Addiction leads people to actions they would previously have thought unimaginable. The Clarion-Ledger highlights two cases in which drug users turned to crime to feed their habit as an illustration of how drugs ruin lives.
Robert Pace, a resident of Oak Grove, was doing pretty well. He was holding down a top job and enjoying a comfortable lifestyle. Then he was injured in an accident. The prescription opioids he was given made him feel great, and when they were withdrawn, they left behind a vacuum that he felt needed to be filled. That’s when he turned to heroin. The quest for the next high became a compulsion that overrode any other consideration, and Pace was arrested on a number of occasions.
For Iris Thompson, it was crack cocaine that ultimately became the master of her destiny. She says that there was nothing she would not do in order to get her hands on the next fix. Multiple arrests followed, and she eventually found herself facing a felony charge and the possibility of a lengthy jail term. A compassionate ruling by the court enrolled her in a rehabilitation program instead, and today, Ms Thompson has been drug-free for a decade.
Law enforcement officers say drugs, alcohol behind “most” crimes
A spokesman for Hattiesburgh Police Department said that the majority of crimes the department dealt with were in some way related to substance abuse. The National Institute on Drug Abuse agrees that drug use and criminal activity are closely linked. Of course, simply possessing illegal drugs is a crime, but the organization says that the lifestyle addicts find themselves living is responsible for further criminal behavior.
If a true addict runs out of money, theft and burglary are common “solutions”, and while under the influence of drugs, skewed judgement can lead to other crimes including murder. The Forrest County Sheriff’s Department says that the financial problems addicts experience lead to the majority of crimes. “They go by any means to be able to get the narcotics,” says a spokesperson.
Worrying statistics indicate a cycle of crime and drug use
The National Association of Drug Court Professionals confirms that the majority of prison inmates are in jail because of substance abuse. In its report, it says that 80% of offenders were abusing alcohol or drugs habitually, and 60% of offenders tested positive for drug use at the time of their arrest. 50% of inmates are “clinically addicted”, and 60 -80% will reoffend after their release from prison. Worst of all, 95% will return to substance abuse.
Prisons are meant to rehabilitate people so that they can re-enter society, but this is clearly not happening.
Are Drug Courts the solution?
Non-violent people who have committed some crime or another and are addicted to drugs may be placed under the supervision of the drug court for an extended period of time. Treatment is provided, and people on these programs are expected to fulfil their obligations towards their families and society.
Third party scientific studies have found that these courts are far more effective than incarceration, probation, and even treatment without later supervision. The whole process is achieved at a much lower cost.
The slippery slope
At first, people usually use illegal drugs now and then. Later, the frequency of use increases, and so does the cost. To make matters worse, the obsession with drugs begins to affect work performance, and many addicts lose their jobs.

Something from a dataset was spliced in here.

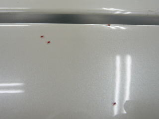 スバル レガシー ワゴンのガラスコーティング施工例 ガラスコーティング コーティング カーコーティング 東京 世田谷 狛江![]() Fフェンダーのラインとおりにシートカバーによる擦れ傷+汚れが付着(青矢印) 赤い小さな染み(黄矢印)がボディのいたる所に付着、、、はて?何だろうと思いきや、、、 ![]() ![]() 疑問はすぐに解決、、 無数の小さな(1〜2ミリ)クモ(たぶん)がいたるところに這い回ってます この赤いクモがボディカバーですれてつぶれて染みになりこびり付いているようです これを潰してしまうと真っ赤な染みとなり完全には取れなくなってしまう困り者 |

To find money for drugs, people begin by selling some of their personal possessions. Later, they may start stealing from family members, then friends and neighbors. By this time, addiction is entrenched, and using drugs isn’t done for fun, but out of a feeling of grim necessity. The stage is set for crime. To the user, nothing but the drug matters any more.
Marijuana may not be a “Gateway drug” but…
Using marijuana is becoming socially acceptable, but although research sponsored by the FDA found that simply using marijuana doesn’t create a need for “stronger” drugs, buying it illegally puts users in temptation’s way. An illegal drug dealer who sells marijuana may well sell other drugs too, and a little salesmanship is often used to persuade people to try something new that is much more dangerous, addictive and harmful.
Getting help is the best thing you can ever do
If you or someone close to you is showing signs of losing control of their lives as a result of drug use, getting help is the best solution. Trying to deal with addiction or help an addict without expert assistance may well prove fruitless. Many people worry about stigma, or the possibility of getting a loved one arrested after speaking out, but confidential help can be obtained. The sooner action is taken, the sooner a new addict gets adequate treatment, and the more likely they are to be able to break the habit.